Update: liquids, gas transmission and distribution projects
Mainline Capital Investment
On 4 Mar. 2025, Enbridge revealed plans to invest up to $2bn in the Mainline through 2028. Investments will be focused on further enhancing reliability and extending useful life of the Mainline so that it continues to operate safely and at full capacity to meet strong demand for years to come.
These Mainline investments are expected to earn attractive risk-adjusted returns within the Mainline Tolling Settlement and to enter service ratably through 2028.
Flanagan South Open Season
Enbridge launched a binding open season for long-term contracted service on Flanagan South Pipeline for 100,000 barrel per day (b/d) of incremental capacity.
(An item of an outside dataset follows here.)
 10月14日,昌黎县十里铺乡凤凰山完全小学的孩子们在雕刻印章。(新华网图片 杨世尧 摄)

The contracted capacity will be available under an International Joint Tariff, with receipts in Western Canada and delivery points to the US Gulf Coast via the Mainline, FSP, and Seaway pipelines.
The open season is being advanced in coordination with Mainline Optimization (Phase 1) discussions and, together with 50,000 b/d of existing un-contracted FSP capacity, will offer 150,000 b/d of full-path capacity to serve destinations across the US Gulf Coast for WCSB production growth.
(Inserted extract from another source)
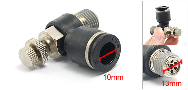 Product Name Pneumatic Speed Controller Inner Diameter (Black End) 10mm / 0.394" Thread Outer Diameter 13mm / 0.51" (Approx) Total Size 45 x 42mm / 1.8" x 1.7" (L*W) Material Plastic, Metal Color Black, Silver Tone Weight 43g Package Content 1 x Speed Controller - Reviews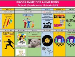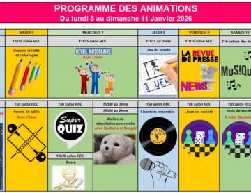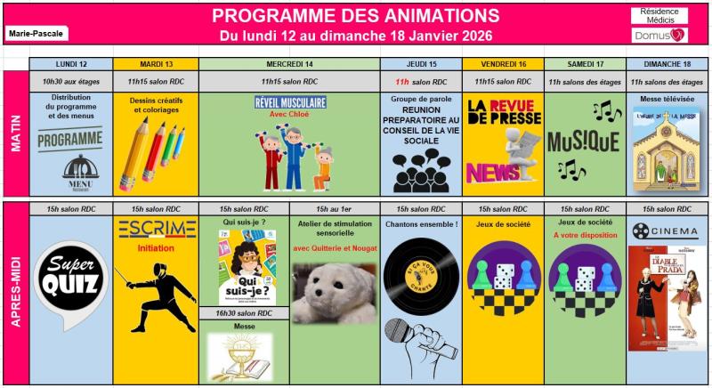 Résidence Médicis > Actualités > Programme des animations du 12 au 18 Janvier Programme des animations du 12 au 18 Janvier Publiée le 09/01/2026 Chères familles et proches, Voici le programme des animations de la semaine. Excellente semaine à tous !

Matterhorn Express Pipeline
Enbridge has signed a definitive agreement to acquire a 10% non-operating equity interest in the operating Matterhorn Express natural gas pipeline for $0.3bn of cash consideration. MXP is a leading natural gas infrastructure asset providing 2.5 billion cubic feet per day (Bcf/d) of Permian egress to the Katy area in the US Gulf Coast region. Matterhorn benefits from growing liquefied natural gas (LNG) and Gulf Coast demand and is fully contracted under long-term agreements with predominantly investment grade counterparties. The acquisition is strategically aligned with Enbridge’s existing Permian assets.
The transaction is expected to close in the 2Q:25, subject to satisfaction of closing conditions.
Traverse Pipeline
On 3 Apr. 2025, Whitewater, MPLX, and Enbridge, through the Whistler Parent JV, reached a final investment decision (FID) to move forward with the Traverse Pipeline. The pipeline is a joint venture (JV) owned by the Whistler Parent JV (70% WI), Targa (17.5% WI), and MPLX (12.5% WI). This pipeline is designed to transport up to 1.8 Bcf/d of gas between Agua Dulce and the Katy area in Texas. Enbridge’s effective interest in Traverse Pipeline will be 13.3%.
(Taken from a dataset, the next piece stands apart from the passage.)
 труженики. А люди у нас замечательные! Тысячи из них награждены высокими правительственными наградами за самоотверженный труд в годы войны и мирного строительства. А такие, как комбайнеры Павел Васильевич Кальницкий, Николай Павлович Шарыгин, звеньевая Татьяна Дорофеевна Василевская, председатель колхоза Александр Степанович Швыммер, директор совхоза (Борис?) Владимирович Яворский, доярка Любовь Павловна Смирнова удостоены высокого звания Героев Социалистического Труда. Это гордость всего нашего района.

The pipeline is backed by firm transportation agreements with investment grade counterparties and is expected to enter service in 2027 pending the receipt of customary regulatory and other approvals.
Birch Grove Expansion
On 4 Mar. 2025, Enbridge said it would proceed with a 179 million cubic feet per day (MMcf/d) expansion of its BC Pipeline in northern British Columbia. The Birch Grove project includes pipeline looping and ancillary station modifications, within existing rights-of-ways, which are expected to be complete in 2028. Including the previously announced Aspen Point expansion, the Birch Grove project is expected to increase the total capacity of the T-North section of the BC Pipeline to ~3.7 Bcf/d.
The project is underpinned by a cost-of-service commercial model and is expected to cost $0.4bn.
T-15 Phase 2
On 4 Mar. 2025, Enbridge sanctioned $0.1bn to expand the scope of T15 to install additional compression and double the capacity of the original project. The expanded T15 project is expected to deliver approximately 510 MMcf/d of natural gas to Duke Energy‘s Roxboro plant in North Carolina. Both phases of T15 are expected to cost an aggregate $0.7bn and enter service in 2027/2028.